Ada masa dimana kamu pernah menjadi segalanya. Entah apa yang merasukiku saat itu. Yang pasti, aku amat tergila-gila padamu sampai mengorbankan ambisi dan impian pribadiku sejak kecil. Semua hanya agar aku selalu bisa dekat denganmu.
            Tenang, aku sama sekali tidak menyalahkanmu. Semua pilihan kuambil dalam keadaan sadar.
            Ah, semester satu. Aku akan selalu ingat saat-saat itu. Saat kamu – yang waktu itu belum mengenalku – enteng saja menggenggam tanganku di kelas, hanya karena melihatku gemetar ketakutan di hadapan para senior galak. Saat kita tanpa sengaja jadi sering mengobrol dan nongkrong bareng, hingga akhirnya berteman (cukup) dekat di kampus. Berawal dari main ‘surat-suratan’ di kelas saat jam kuliah. Kalau diingat-ingat lagi, lucu juga. Kelakuan kita mirip anak-anak SMA yang tengah tukeran contekan pas ujian. Untung saja dosen tidak melihat dan menegur. Bisa malu kita nanti.
            Entah apa yang membuatmu waktu itu mau nongkrong denganku. (Harap maklum, saat itu aku masih amat minder.) Bisa kulihat tatapan iri dan penasaran beberapa mahasiswi cantik yang terang-terangan tertarik padamu saat berpapasan dengan kita berdua. Aku tak menyalahkan mereka; cewek normal mana pun pasti ingin berada di posisiku saat itu. Kamu tak hanya tampan, tapi juga berkharisma. Auramu dingin, misterius, dan...ehem, menggiurkan. Rambut ikal gelapmu selalu kamu biarkan tergerai lepas sebahu. Hitam warna favorit pakaianmu.

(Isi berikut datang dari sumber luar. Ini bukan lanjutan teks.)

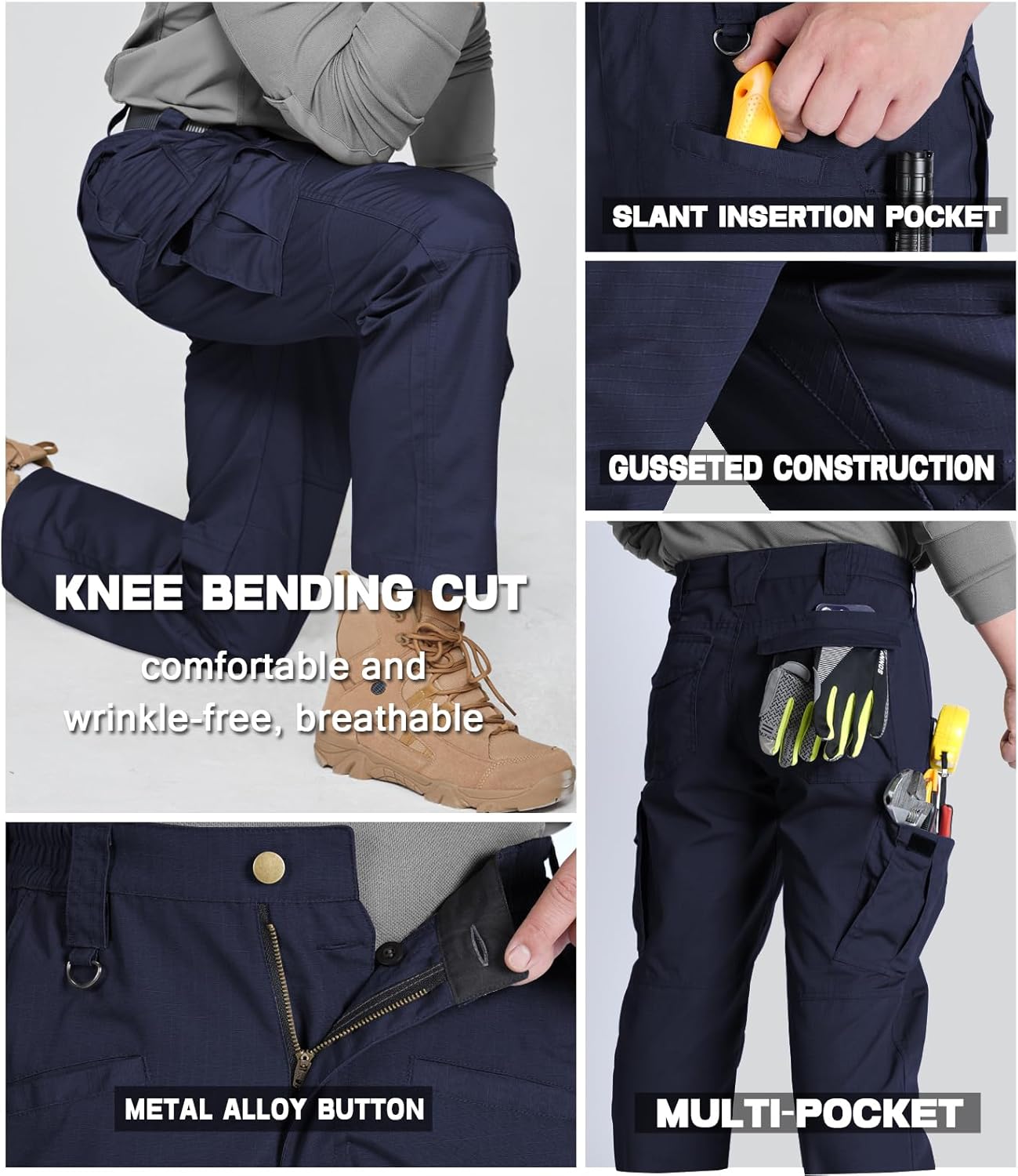 Cargo Work Pants for Men Ripstop Tactical Pants Lightweight Water Resistant Hiking Construction Pants with Multi Pockets
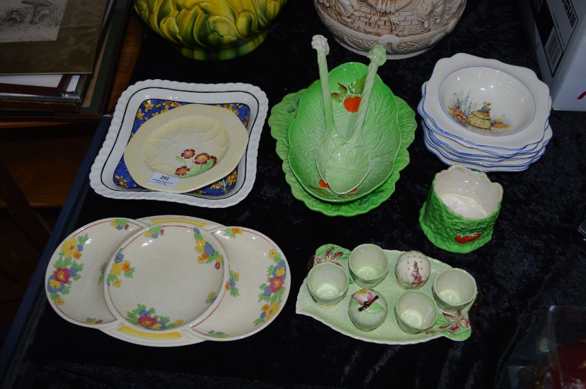 Table Lot: Carltonware Breakfast Set, Leaf Dishes, Royal Doulton, etc.
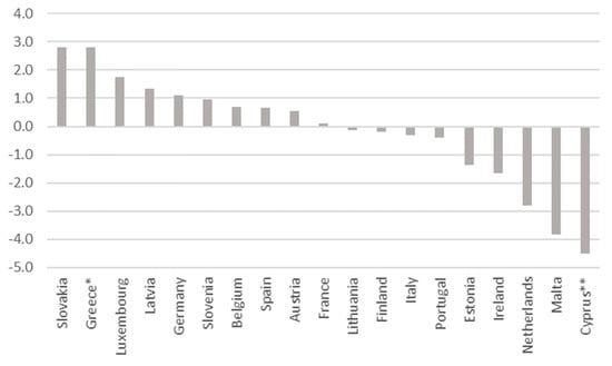 General government balance forecast error% GDP (median 2006–2019). Source: Eurostat, database and author calculations. * For 2014–2016, the forecasts from the Medium-Term Fiscal Strategy Framework 2015–2018 were used, while for the years 2017 and 2018, forecasts were from the Medium-Term Fiscal Strategy Program 2018–2021. ** For Cyprus, median is calculated without the years 2014–2016.
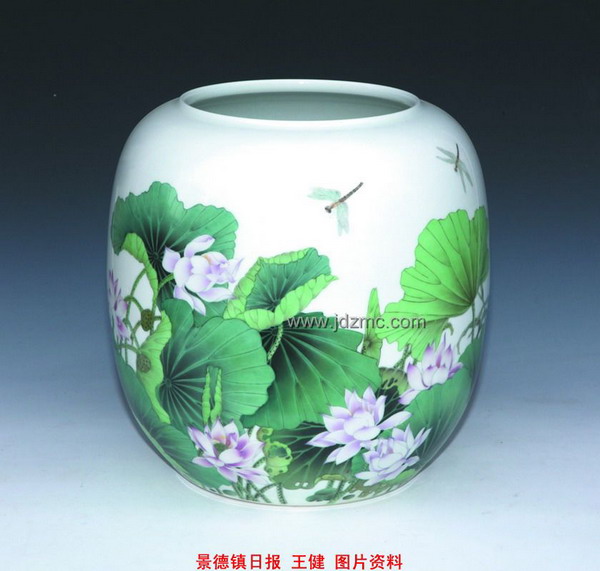 王群老师在创作中很好地借鉴了国画的语言和境界,把国画的笔墨韵味、层次渲染运用到了瓷画当中,例如以荷花荷叶为题材的一些作品。在她的笔下,以洗染技法表现荷叶,让景物层次鲜活、明暗相宜;运用新粉融合手法表现荷花,丰厚而又清纯、娇嫩而又不妖冶;再以笔蘸技法沁润整个画面,让瓷瓶和画面自然统一,实现心与境合,物与人合的优美境界。
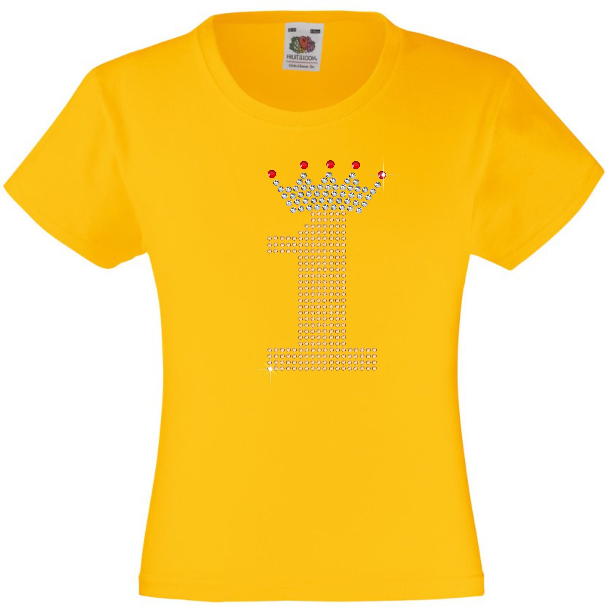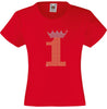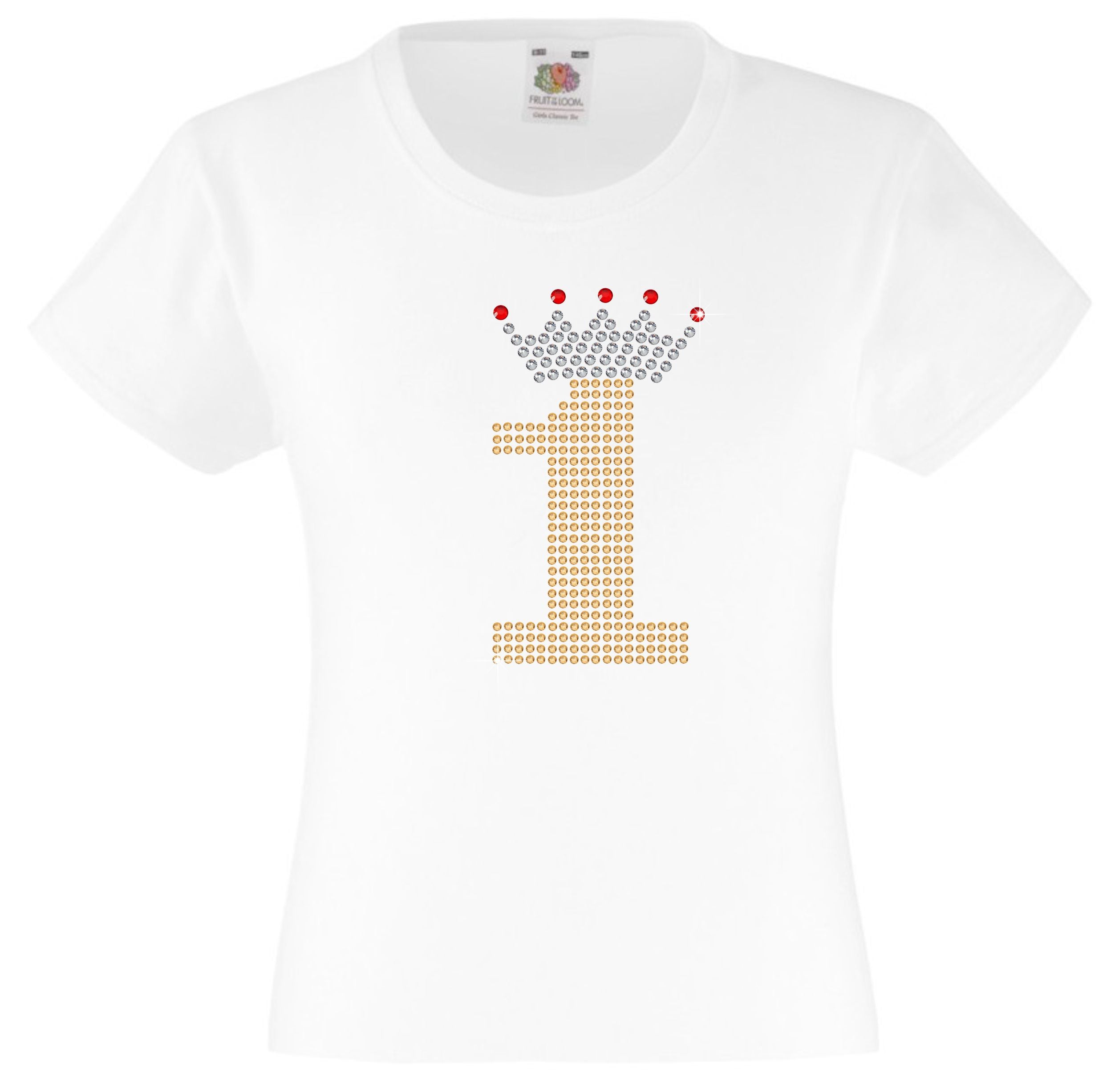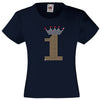NUMBER 1 IN GOLD COLOUR WITH TIARA GIRLS T SHIRT, RHINESTONE EMBELLISHED BIRTHDAY T SHIRT, ELEGANT GIFT FOR THEIR BIG DAY
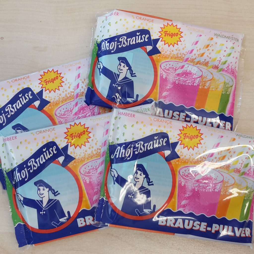 Daneben wird es noch Seifenblasen geben, weil es dazu auch einen Versuch geben wird und auch die gute alte, wirklich schwer erhältliche Ahoi-Brause wird eingesetzt. Drei Läden musste ich in Frankfurt abklappern, bis ich welche gefunden habe.
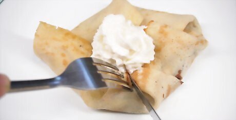 Serve your crepe on a plate or wrapped in paper. If you’re taking your crepe to go, wrap it in a sheet of deli paper so that the curved top edge sticks out the top. If you’re eating at home, simply lift the crepe onto a plate and enjoy! You can serve the crepe with fruit or whipped cream if it’s sweet, or veggies or potatoes if it’s savory.
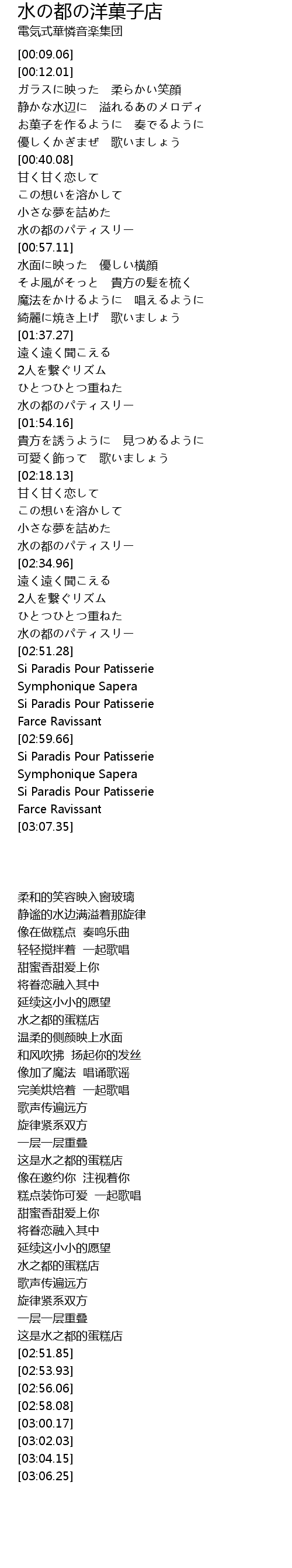 | [03:04.15] | Si Paradis Pour Patisserie |
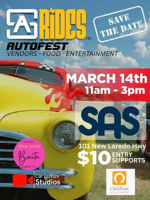 Join us for the second annual SA Rides Auto Fest, inspired by local car enthusiasts. Bring out your “SA Rides,” whether they’re old or new, and share your stories with us! ?? SAS Choice Award ?? SA Rides Choice Award ?? Texas Auto Culture Award • All vehicles welcome • $10 vehicle entry supports Child Safe • Vehicle registration at SA Rides • Local vendors by Bonita Market Co. • Event is free to attend and park for spectators, family and pet friendly Bonita Market Co. is the only point of contact for vendors.

            Kamu juga teguh dan penuh percaya diri. Kamu termasuk yang tidak peduli dengan omongan orang lain, karena kamu tahu apa yang kamu mau. Waktu itu, diam-diam aku juga berharap sepertimu.
            Senin itu, tiba-tiba kamu mengajakku bolos kuliah sore. Iseng saja, alasanmu waktu itu. Aku pun terpengaruh. Bersama keempat teman sekelas kita lainnya yang juga cowok-cowok (hanya aku yang cewek), kita ramai-ramai naik Timor putihmu ke PIM. Tentu saja, aku mendapatkan ‘kehormatan’ duduk di sampingmu yang pastinya menyetir. Kapan lagi bisa begini?
            Sepanjang jalan kita semua bernyanyi-nyanyi dan bersenda-gurau. Kamu suka ngebut, tapi aku tak peduli. Belum pernah aku sebahagia ini!
            Saat kembali ke kampus untuk nongkrong lagi, langit sudah menggelap. Beruntunglah, waktu itu kampus kita di Depok masih banyak area hijaunya. Udara bertambah sejuk menjelang malam.
            Jon, salah satu teman sekelas kita memberitahu kita kabar bahwa sebenarnya dosen hari itu tidak masuk. Kamu hanya memandangku dengan geli sebelum akhirnya kita terbahak. Berarti tidak ada kuliah hari itu!
            Lalu kita duduk berdua, memandang langit berbintang. Romantis? Tentu saja, hingga kamu mengucapkan sesuatu yang nyaris membuatku terguling dari kursi:
            “B., cariin gue cewek, dong!”
--- // ---
            Ada masa dimana aku ‘gamang’. Bagaimana tidak? Di satu sisi, aku ingin menjadi teman baik – dengan mencarikanmu jodoh. (Meski dalam hati aku bertanya-tanya, apa susahnya cowok setampan dan sebaik kamu mendapatkan pacar. Kulihat pasti banyak yang mau, termasuk aku. Hehe.)
            Di sisi lain, aku enggan. Tentu saja. Aku gila apa, menyakiti diriku sendiri dengan cara demikian? Aku sudah cukup lama berada di dekatmu – dan kamu masih menginginkan cewek lain. Aku kurang apa? Huh!
            Banyak teman yang menyarankan agar aku ‘menembak’-mu duluan. Aduh, mau ditaruh dimana mukaku? Bagaimana kalau kamu menolak, lalu enggan bersahabat denganku lagi?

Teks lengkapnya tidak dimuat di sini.